EXERCISE DETAILS: Retype all of the listing exactly, with no pictures.

DATA SEGMENT:
____

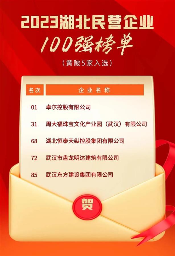 極目新聞記者注意到,卓爾控股有限公司、周大福珠寶文化產業園(武漢)有限公司、湖北恒泰天縱控股集團有限公司、武漢市盤龍明達建筑有限公司、武漢東方建設集團有限公司5家企業,上榜2023湖北民營企業100強榜單。同時,周大福珠寶文化產業園(武漢)有限公司上榜2023湖北民營企業制造業100強榜單。此外,卓爾控股有限公司、湖北恒泰天縱控股集團有限公司還上榜2023湖北民營企業服務業20強榜單。
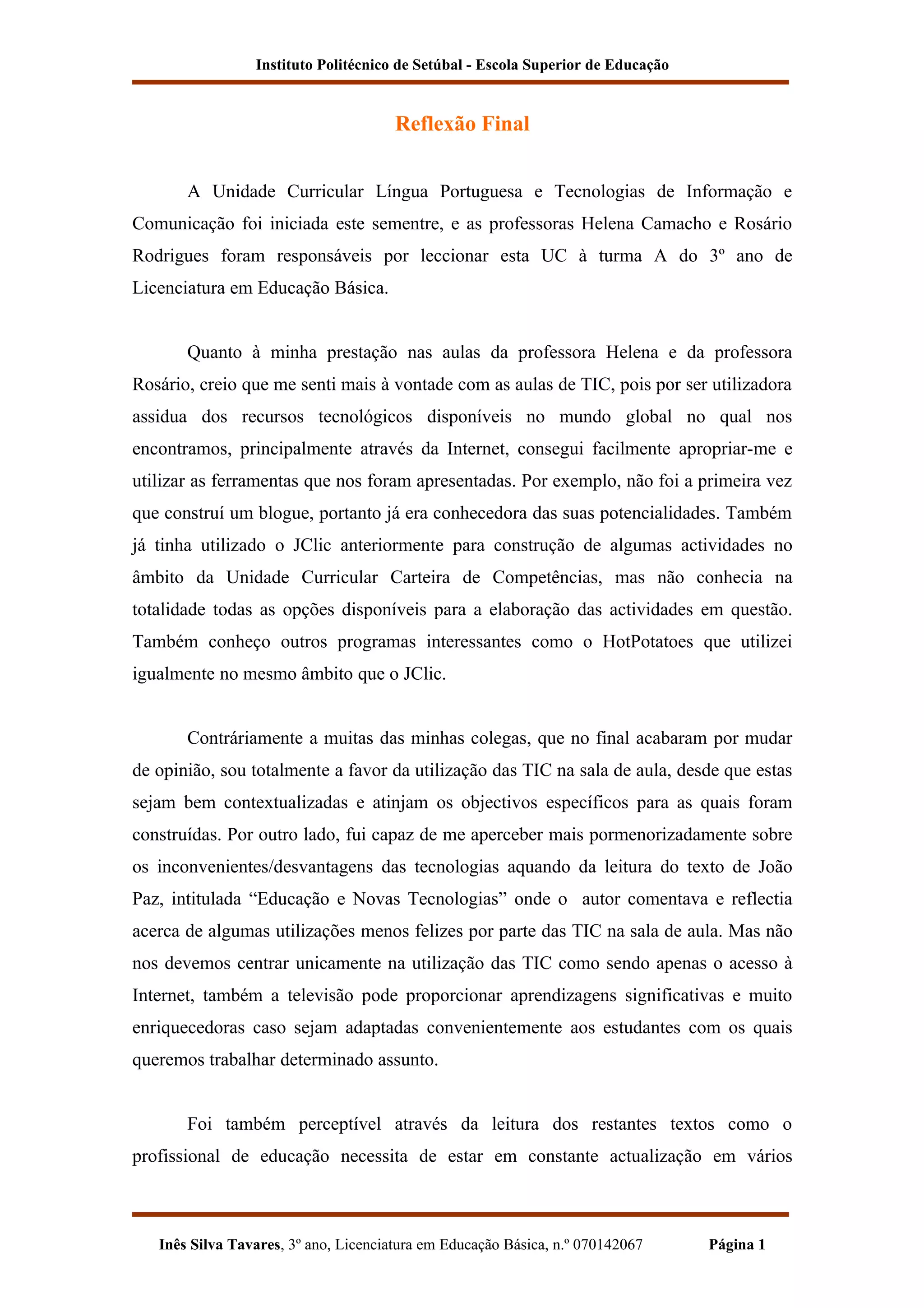 1) A aluna descreve sua experiência positiva com as aulas de TIC em comparação com as aulas de língua portuguesa.
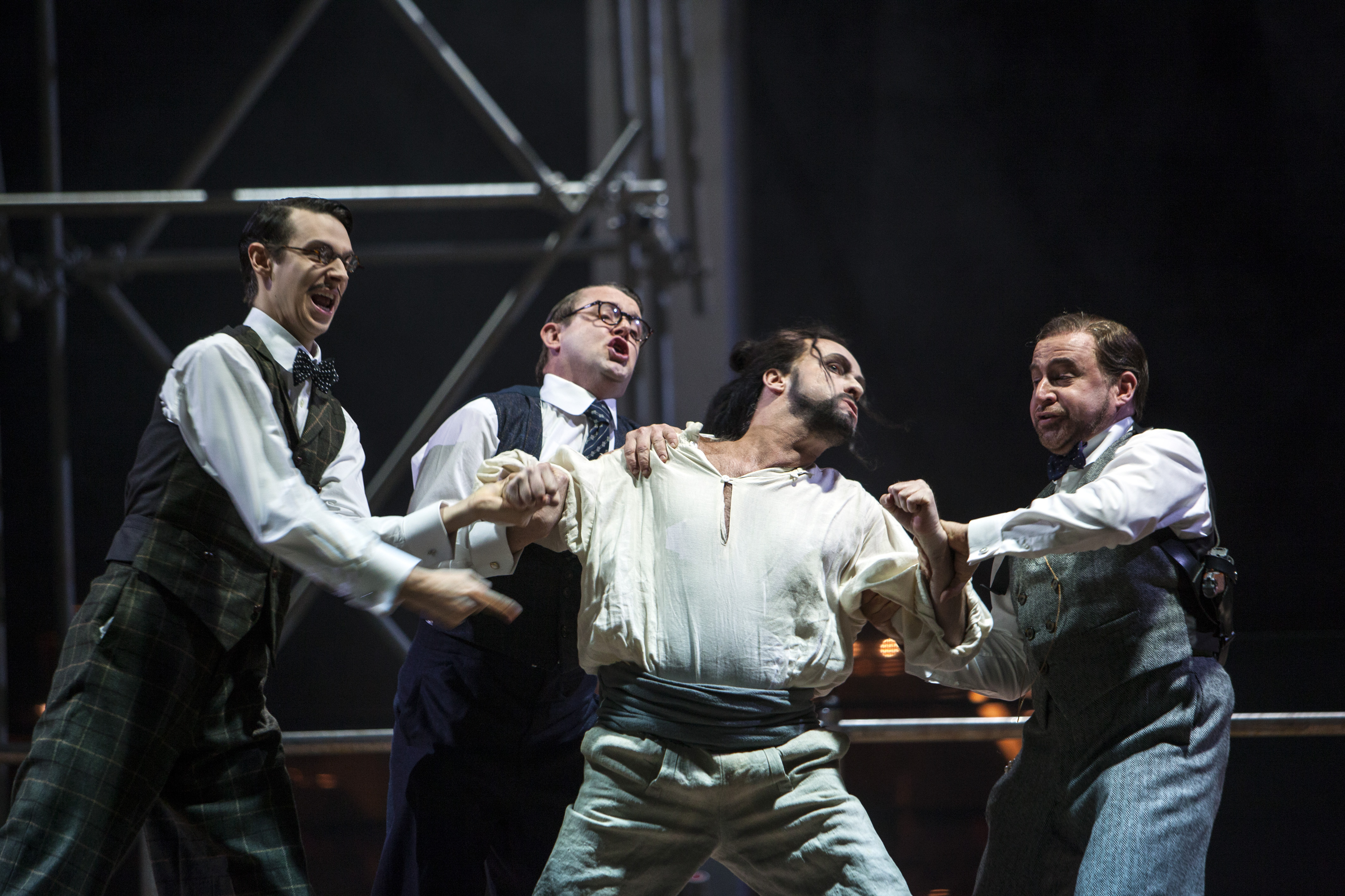 Musikalische Leitung Felix Bender / Arne Willimczik // Inszenierung Lydia Steier // Bühne & Video Momme Hinrichs // Kostüme Ursula Kudrna // Licht Andreas Grüter // Chorleitung Rustam Samedov // Dramaturgie Georg Kehren

____

RESULT OF THIS TASK:
 極目新聞記者注意到,卓爾控股有限公司、周大福珠寶文化產業園(武漢)有限公司、湖北恒泰天縱控股集團有限公司、武漢市盤龍明達建筑有限公司、武漢東方建設集團有限公司5家企業,上榜2023湖北民營企業100強榜單。同時,周大福珠寶文化產業園(武漢)有限公司上榜2023湖北民營企業制造業100強榜單。此外,卓爾控股有限公司、湖北恒泰天縱控股集團有限公司還上榜2023湖北民營企業服務業20強榜單。
 1) A aluna descreve sua experiência positiva com as aulas de TIC em comparação com as aulas de língua portuguesa.
 Musikalische Leitung Felix Bender / Arne Willimczik // Inszenierung Lydia Steier // Bühne & Video Momme Hinrichs // Kostüme Ursula Kudrna // Licht Andreas Grüter // Chorleitung Rustam Samedov // Dramaturgie Georg Kehren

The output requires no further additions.